With several late-night hosts on holiday, Seth Meyers takes a closer look at the Trump administration’s deployment of the national guard in Washington DC as a playbook for other cities.
Seth Meyers
“Donald Trump is always laser-focused on the important stuff – no, not inflation, not healthcare, not jobs,” said Seth Meyers on Wednesday evening. “He’s focused on giving himself an award.”
On Wednesday, Trump gave a typically rambling speech at the John F Kennedy Center for the Performing Arts, the formerly prestigious performance hall that he took over early in his term, purging the board and replacing it with loyalists. Presenting the center’s annual honorees, the president said: “I always wanted one, I was never able to get one … I would’ve taken it, if they would’ve called me. I waited, and waited, and waited, and then said, ‘To hell with it, I’ll become chairman and I’ll give myself an honor.’ Next year we’ll honor Trump, OK?”
“I like how everyone laughs at him, and then he says, ‘No, it’s true, actually,’” the Late Night host responded. “Second, he’s definitely not joking about giving himself an award. This is the guy who made a fake Time magazine cover for himself to hang on his wall.”
“I have no trouble believing that he’d give himself a made-up award called the ‘Kennedy Center Lifetime Achievement Nobel Prize EGOT Award for Most Everything’,” Meyers added.
Trump also announced that he would host the annual Kennedy Center Honors, and claimed he had to be talked into it by his team because he has better things to do as president. “Well, I think you deserve the award for best original screenplay, because that’s definitely a fake conversation that did not happen,” Meyers laughed.

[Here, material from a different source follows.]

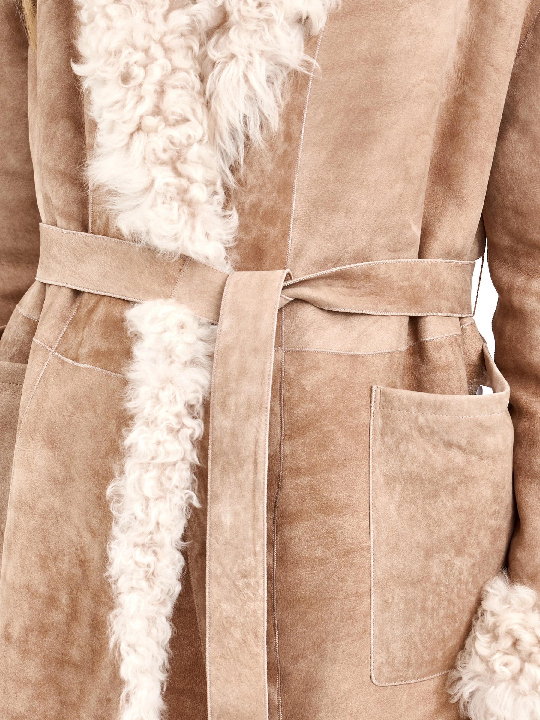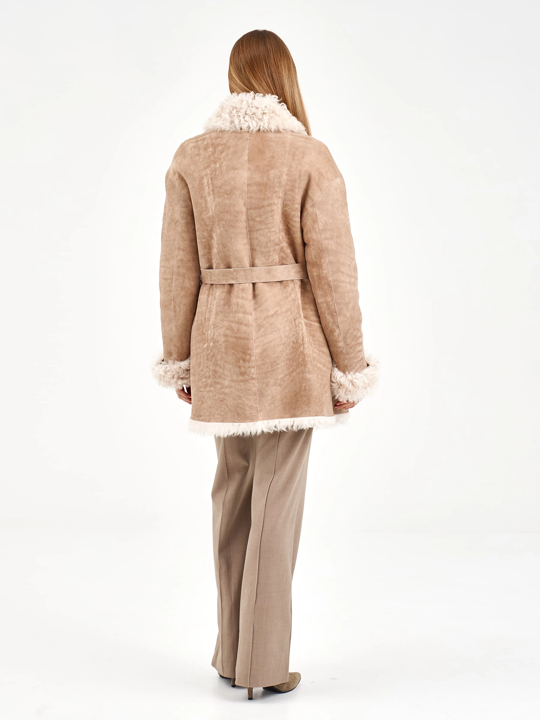 Короткая дубленка из роскошной овчины "тиградо" с эффектным шалевым воротником. Модель свободного кроя длиной 80 см с запахом и спущенным рукавом подчеркивает непринужденную элегантность - дубленка фиксиется длинным поясом, создавая выразительный силуэт, и дополнена практичными накладными карманами. Стилисты рекомендуют носить ее с однотонными комплектами - платьями-миди, узкими джинсами или кюлотами с высокими сапогами, чтобы подчеркнуть богатую текстуру меха. Идеальное решение для тех, кто ценит уют и яркие акценты в повседневном гардеробе.

Meyers then turned to the other major political story this week: Trump taking over the Washington DC Metropolitan police and deploying the national guard to combat a made-up crime wave in the city. Meyers noted that Republicans see this action as a playbook for other cities, despite the fact that, in truth, violent crime rates are down in most major cities. The states with the highest crime rates, such as Louisiana and Mississippi, are largely controlled by Republicans.
“The right has created this myth about crime in big cities that isn’t true,” Meyers said. “It’s a playbook that Republicans have used for decades, and Trump repeated it in 2024.”
“In a clear sign that this is all just theater, Trump is threatening to only send the national guard to cities controlled by Democrats,” calling the DC action a “beacon for New York, Chicago, Los Angeles and other places all over the country”.
“The myth of urban crime is central to the right’s worldview,” Meyers noted. “For years, they basically made it their whole thing to be afraid of cities.” He pointed to the example of the US transportation secretary, Sean Duffy, on Fox News, complaining about crime rates on the New York City subway and also taking a shot at its cleanliness.
Meyers got defensive. “Only New Yorkers are allowed to shit on the New York City subway. I mean that figuratively and sadly sometimes literally,” he said.
“Trump doesn’t want to fix problems in big cities, because he loves problems in big cities,” he concluded. “He loves problems anywhere that can distract from his problems. And he definitely has problems – his polling numbers are not great, his Maga base is questioning his ties to Jeffrey Epstein and voters are starting to suspect that the Trump administration might be,” to quote Trump himself, “a crime pot.”